Required work: Using the listing below, give again exactly the lines from the line with "Next, I'd like" to the line with "sprinkler and straps", inclusive, without the pictures.

Provided information:
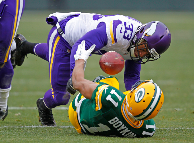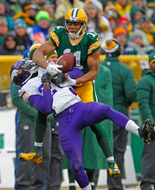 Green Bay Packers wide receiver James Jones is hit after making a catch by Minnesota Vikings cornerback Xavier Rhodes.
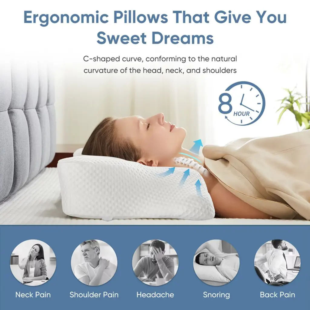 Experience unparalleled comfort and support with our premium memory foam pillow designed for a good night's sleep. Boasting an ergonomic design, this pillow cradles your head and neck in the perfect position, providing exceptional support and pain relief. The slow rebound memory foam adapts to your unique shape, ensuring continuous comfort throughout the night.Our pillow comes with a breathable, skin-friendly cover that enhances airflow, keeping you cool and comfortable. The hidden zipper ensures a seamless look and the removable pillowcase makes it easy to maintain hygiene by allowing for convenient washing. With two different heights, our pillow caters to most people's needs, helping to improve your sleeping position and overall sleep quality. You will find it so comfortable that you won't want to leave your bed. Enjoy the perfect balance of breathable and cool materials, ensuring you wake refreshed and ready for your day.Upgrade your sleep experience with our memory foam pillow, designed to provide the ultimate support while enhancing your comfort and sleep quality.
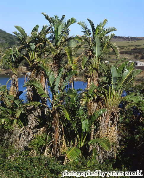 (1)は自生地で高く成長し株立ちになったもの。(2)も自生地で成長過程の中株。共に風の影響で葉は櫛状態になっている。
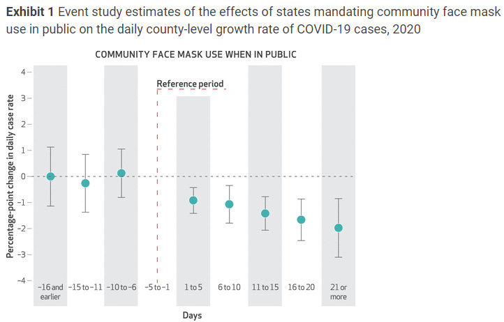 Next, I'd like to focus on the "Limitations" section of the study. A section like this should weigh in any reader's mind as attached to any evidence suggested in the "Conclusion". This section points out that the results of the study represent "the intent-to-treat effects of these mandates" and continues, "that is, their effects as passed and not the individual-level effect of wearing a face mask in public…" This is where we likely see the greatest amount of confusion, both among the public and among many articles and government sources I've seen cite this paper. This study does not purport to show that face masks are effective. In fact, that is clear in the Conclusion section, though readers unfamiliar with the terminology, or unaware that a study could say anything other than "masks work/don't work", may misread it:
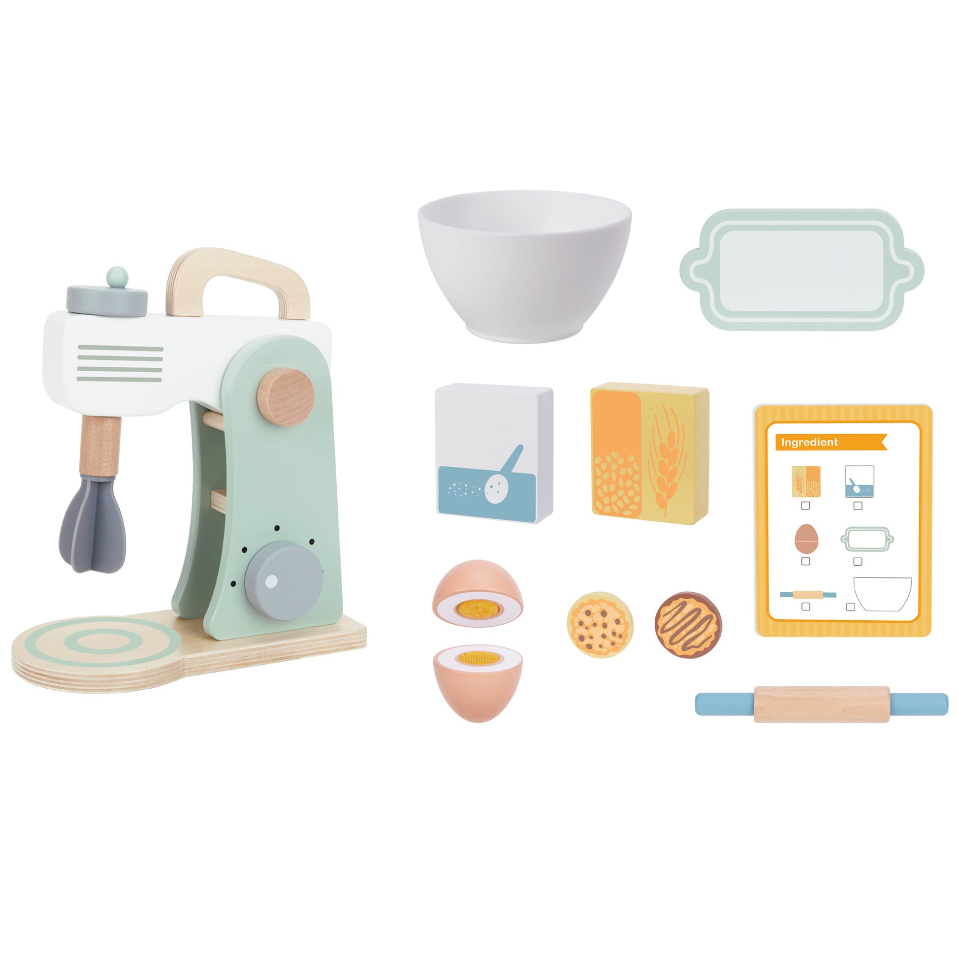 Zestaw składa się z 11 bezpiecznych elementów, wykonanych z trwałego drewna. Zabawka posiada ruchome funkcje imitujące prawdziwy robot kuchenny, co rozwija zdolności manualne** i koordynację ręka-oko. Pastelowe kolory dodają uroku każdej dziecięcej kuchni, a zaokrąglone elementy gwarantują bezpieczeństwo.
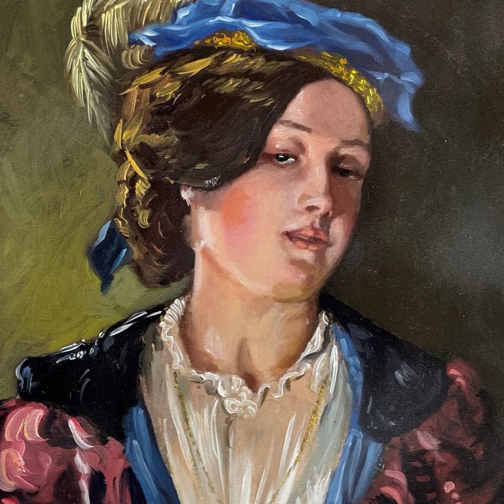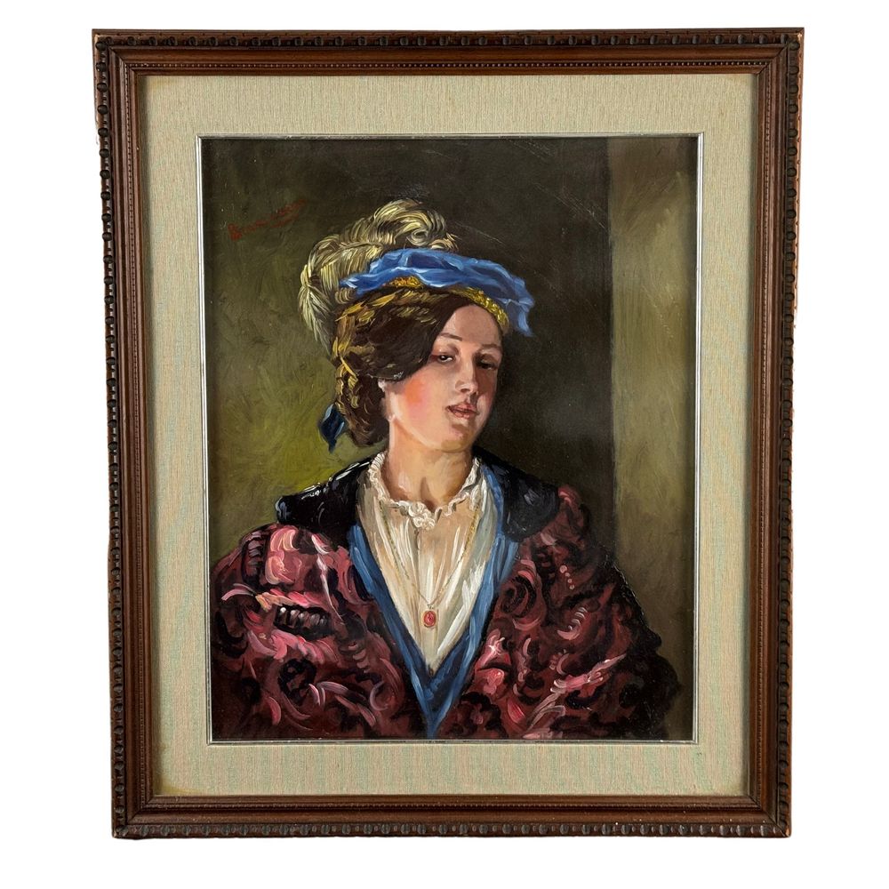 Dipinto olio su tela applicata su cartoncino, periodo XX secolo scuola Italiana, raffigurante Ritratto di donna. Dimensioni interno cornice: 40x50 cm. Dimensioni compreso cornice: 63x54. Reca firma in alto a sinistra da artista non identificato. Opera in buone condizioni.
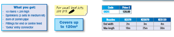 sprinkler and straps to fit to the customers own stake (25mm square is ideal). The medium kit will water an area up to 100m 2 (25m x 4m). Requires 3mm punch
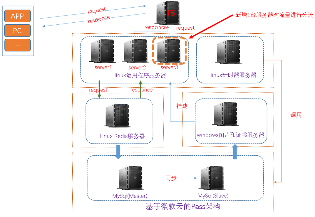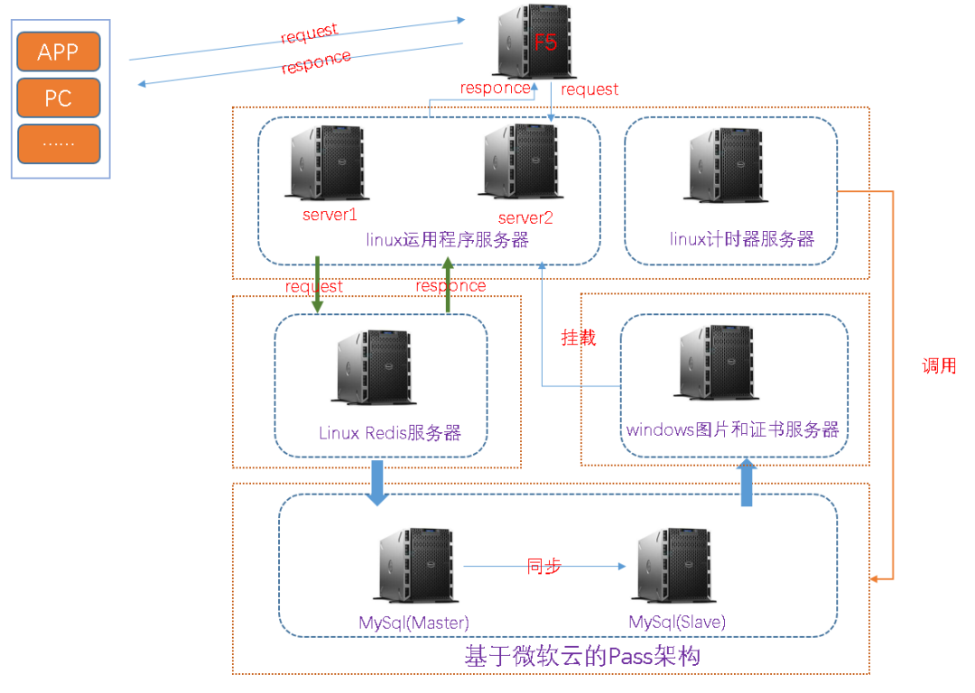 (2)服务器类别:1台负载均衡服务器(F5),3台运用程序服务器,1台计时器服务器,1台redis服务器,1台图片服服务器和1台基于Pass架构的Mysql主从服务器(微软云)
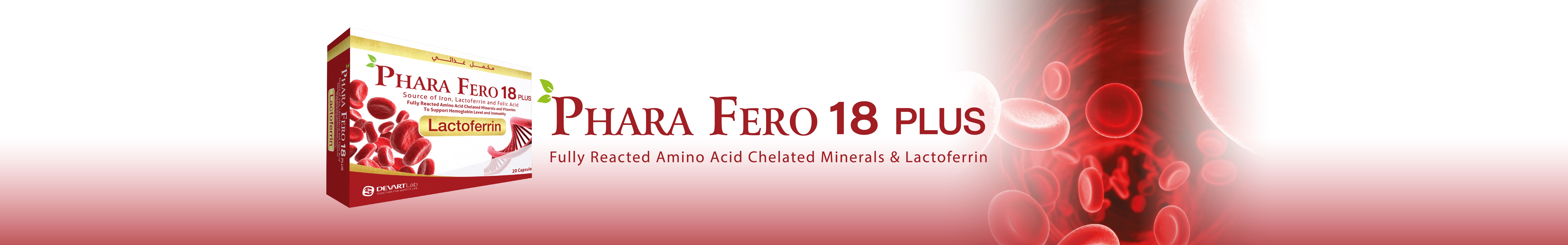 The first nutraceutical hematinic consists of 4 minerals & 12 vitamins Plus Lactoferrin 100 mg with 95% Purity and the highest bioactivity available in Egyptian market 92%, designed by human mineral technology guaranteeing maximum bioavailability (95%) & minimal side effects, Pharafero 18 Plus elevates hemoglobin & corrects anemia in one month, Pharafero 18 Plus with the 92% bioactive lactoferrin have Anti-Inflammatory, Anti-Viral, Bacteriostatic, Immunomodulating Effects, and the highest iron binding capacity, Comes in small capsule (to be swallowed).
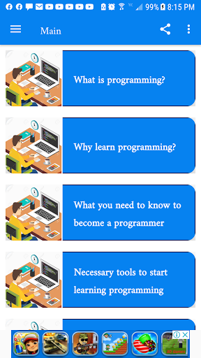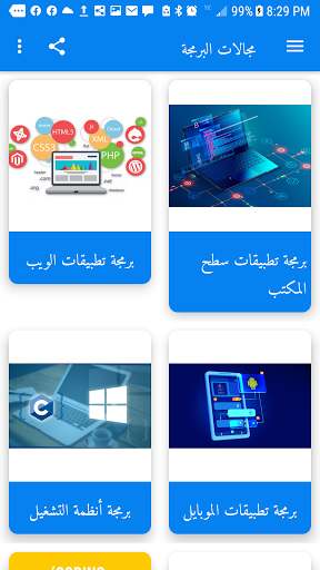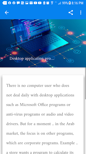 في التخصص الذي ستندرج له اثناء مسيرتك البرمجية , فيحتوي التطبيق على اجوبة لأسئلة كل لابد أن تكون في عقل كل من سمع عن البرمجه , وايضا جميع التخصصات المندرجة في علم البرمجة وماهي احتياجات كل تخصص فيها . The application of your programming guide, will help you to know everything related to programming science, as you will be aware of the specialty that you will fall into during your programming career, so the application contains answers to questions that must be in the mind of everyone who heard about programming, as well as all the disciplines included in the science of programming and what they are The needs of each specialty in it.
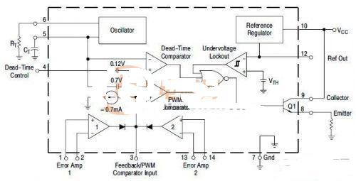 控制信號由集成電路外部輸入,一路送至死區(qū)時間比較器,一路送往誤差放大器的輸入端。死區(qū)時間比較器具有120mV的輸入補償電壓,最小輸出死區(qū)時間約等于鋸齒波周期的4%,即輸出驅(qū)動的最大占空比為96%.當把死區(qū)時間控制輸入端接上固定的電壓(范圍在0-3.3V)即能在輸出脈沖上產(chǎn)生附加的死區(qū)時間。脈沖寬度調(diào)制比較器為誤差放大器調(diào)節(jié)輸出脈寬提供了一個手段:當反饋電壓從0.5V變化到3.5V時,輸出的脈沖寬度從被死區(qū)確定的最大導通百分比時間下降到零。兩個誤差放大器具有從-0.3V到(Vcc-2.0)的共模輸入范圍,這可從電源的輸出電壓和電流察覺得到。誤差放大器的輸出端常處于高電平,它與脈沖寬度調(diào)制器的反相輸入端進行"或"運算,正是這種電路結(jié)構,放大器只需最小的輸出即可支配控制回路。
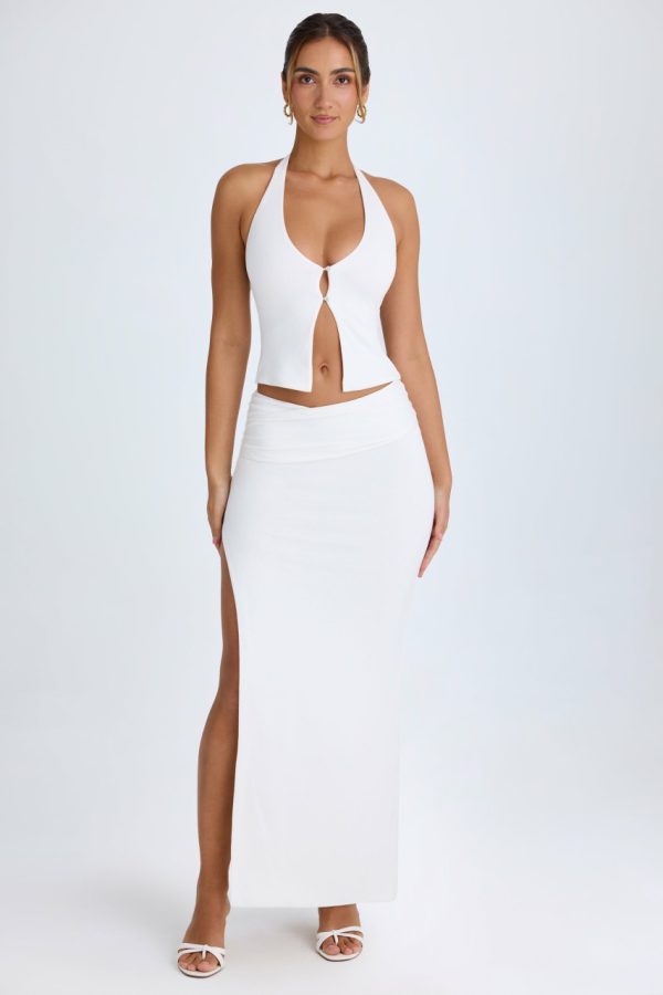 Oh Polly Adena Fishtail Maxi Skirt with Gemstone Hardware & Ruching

Problem solution:
 Next, I'd like to focus on the "Limitations" section of the study. A section like this should weigh in any reader's mind as attached to any evidence suggested in the "Conclusion". This section points out that the results of the study represent "the intent-to-treat effects of these mandates" and continues, "that is, their effects as passed and not the individual-level effect of wearing a face mask in public…" This is where we likely see the greatest amount of confusion, both among the public and among many articles and government sources I've seen cite this paper. This study does not purport to show that face masks are effective. In fact, that is clear in the Conclusion section, though readers unfamiliar with the terminology, or unaware that a study could say anything other than "masks work/don't work", may misread it:
 Zestaw składa się z 11 bezpiecznych elementów, wykonanych z trwałego drewna. Zabawka posiada ruchome funkcje imitujące prawdziwy robot kuchenny, co rozwija zdolności manualne** i koordynację ręka-oko. Pastelowe kolory dodają uroku każdej dziecięcej kuchni, a zaokrąglone elementy gwarantują bezpieczeństwo.
 Dipinto olio su tela applicata su cartoncino, periodo XX secolo scuola Italiana, raffigurante Ritratto di donna. Dimensioni interno cornice: 40x50 cm. Dimensioni compreso cornice: 63x54. Reca firma in alto a sinistra da artista non identificato. Opera in buone condizioni.
 sprinkler and straps to fit to the customers own stake (25mm square is ideal). The medium kit will water an area up to 100m 2 (25m x 4m). Requires 3mm punch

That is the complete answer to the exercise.